The company continues to weigh which services it will move forward to Kubernetes, which ones will be kept as is, and which will be replaced in the future and thus don’t have to be moved over. MacKay estimates that the company is “approaching halfway on those features that are going forward. We don’t have to do a lot of convincing anymore. It’s more of an issue of timing with getting product management and engineering staff the knowledge and information that they need.”
“I believe in Kubernetes. I believe in containerization.

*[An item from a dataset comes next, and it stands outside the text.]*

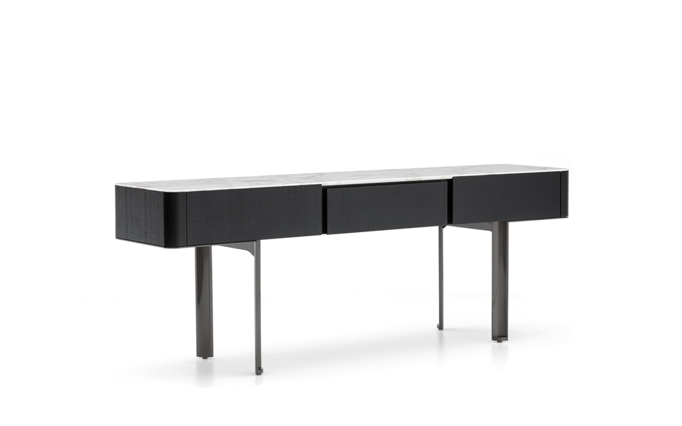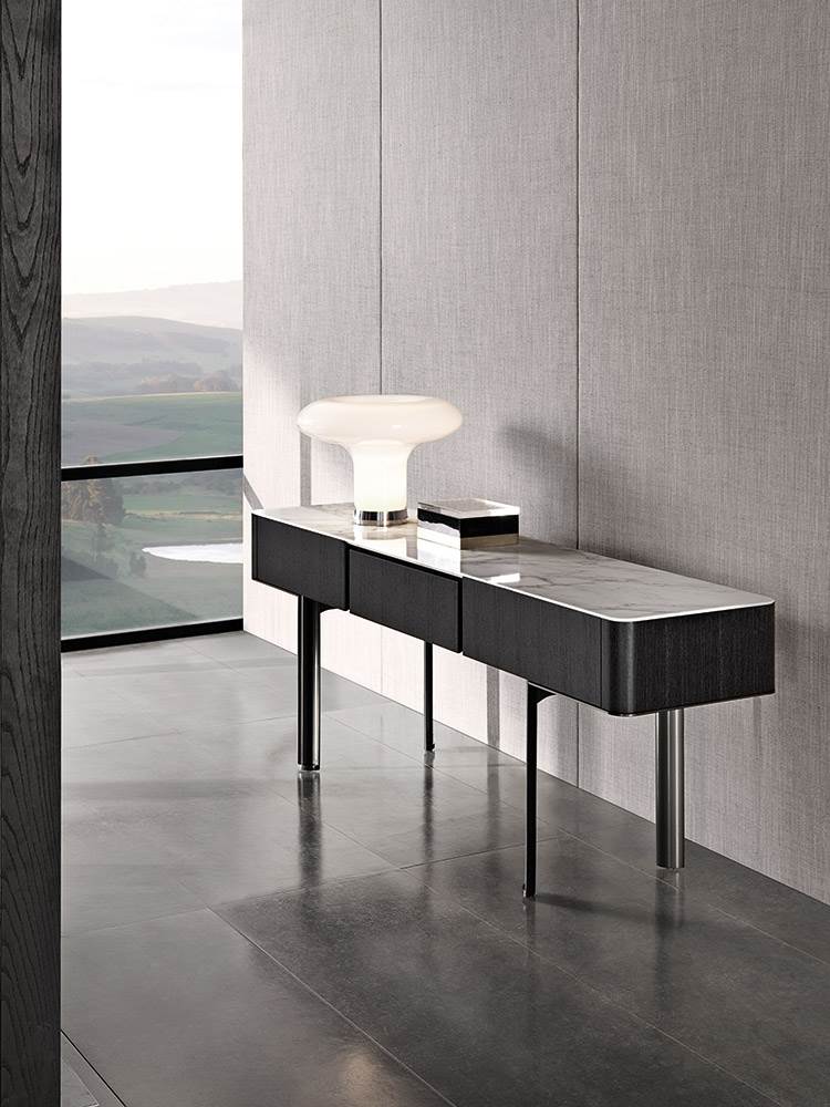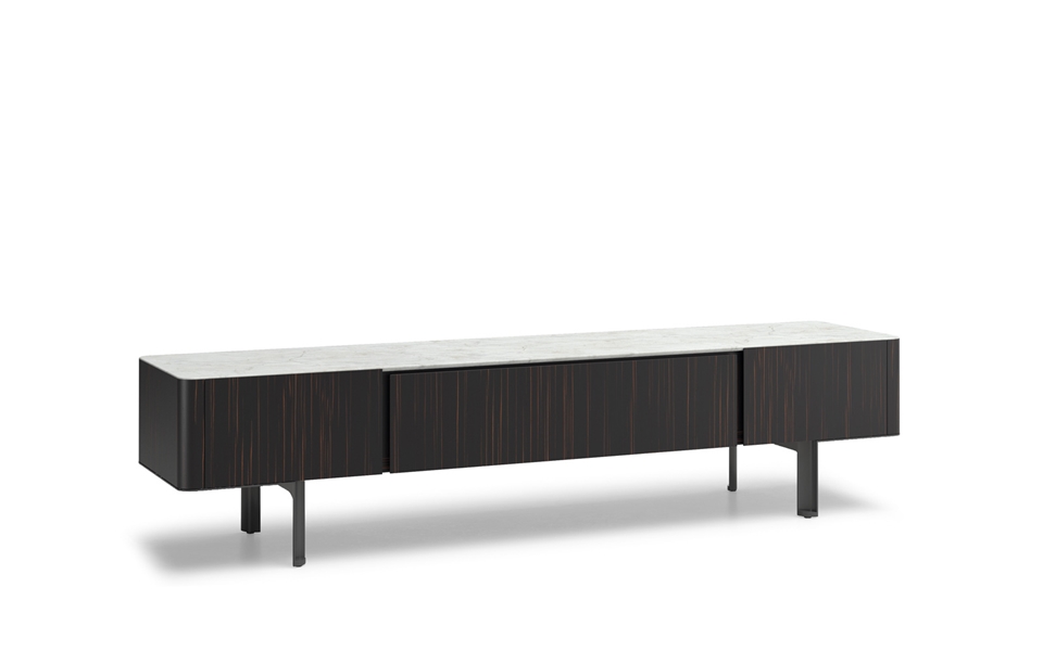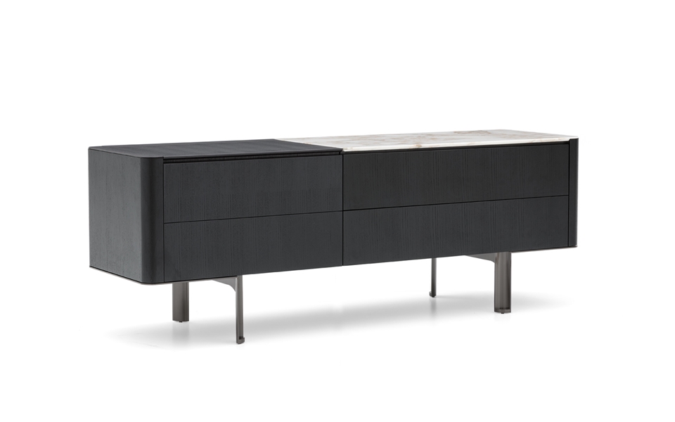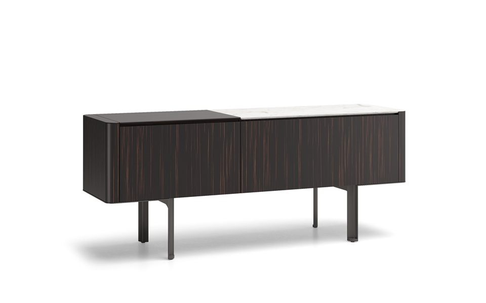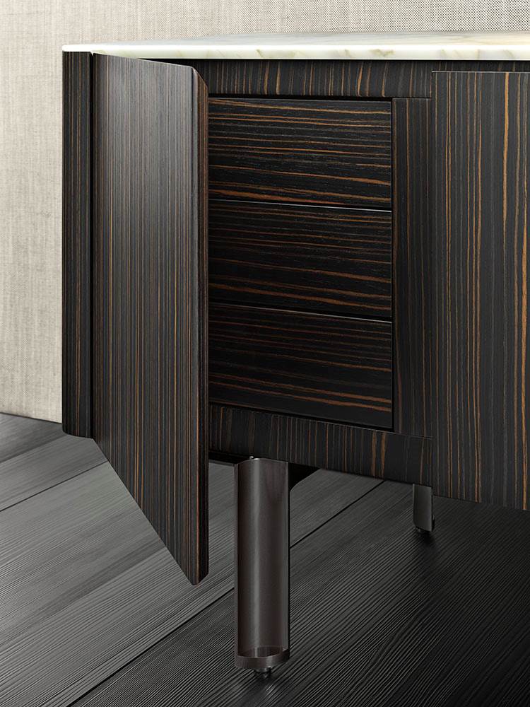 - composite ebony veneer with matt open-pore lacquer finish, door fronts and drawers in the same finish.

I think if we can get there and establish ourselves in that world, we will be further along and far better off being agile and all the things we talk about, and it’ll go forward.”— PAUL MACKAY, SOFTWARE ENGINEER AND ARCHITECT AT ANCESTRY
Looking ahead, MacKay sees Ancestry maximizing the benefits of Kubernetes in 2017. “We’re very close to having everything that should be or could be in a Linux-friendly world in Kubernetes by the end of the year,” he says, adding that he’s looking forward to features such as federation and horizontal pod autoscaling that are currently in the works. “Kubernetes has been very wonderful for us and we continue to ride the wave.”
That wave, he points out, has everything to do with the vibrant Kubernetes community, which has grown by leaps and bounds since Ancestry joined it as an early adopter. “This is just a very rough way of judging it, but on Slack in June 2015, there were maybe 500 on there,” MacKay says. “The last time I looked there were maybe 8,500 just on the Slack channel. There are so many major companies and different kinds of companies involved now. It’s the variety of contributors, the number of contributors, the incredibly competent and friendly community.”
As much as he and his team at Ancestry have benefited from what he calls “the goodness and the technical abilities of many” in the community, they’ve also contributed information about best practices, logged bug issues and participated in the open source conversation. And they’ve been active in attending meetups to help educate and give back to the local tech community in Utah. Says MacKay: “We’re trying to give back as far as our experience goes, rather than just code.”
When he meets with companies considering adopting cloud native infrastructure, the best advice he has to give from Ancestry’s Kubernetes journey is this: “Start small, but with hard problems,” he says. And “you need a patron who understands the vision of containerization, to help you tackle the political as well as other technical roadblocks that can occur when change is needed.”
With the changes that MacKay’s team has led over the past year and a half, cloud native will be part of Ancestry’s technological genealogy for years to come. MacKay has been such a champion of the technology that he says people have jokingly accused him of having a Kubernetes tattoo.
“I really don’t,” he says with a laugh. “But I’m passionate. I’m not exclusive to any technology; I use whatever I need that’s out there that makes us great. If it’s something else, I’ll use it. But right now I believe in Kubernetes. I believe in containerization. I think if we can get there and establish ourselves in that world, we will be further along and far better off being agile and all the things we talk about, and it’ll go forward.”
He pauses. “So, yeah, I guess you can say I’m an evangelist for Kubernetes,” he says. “But I’m not getting a tattoo!”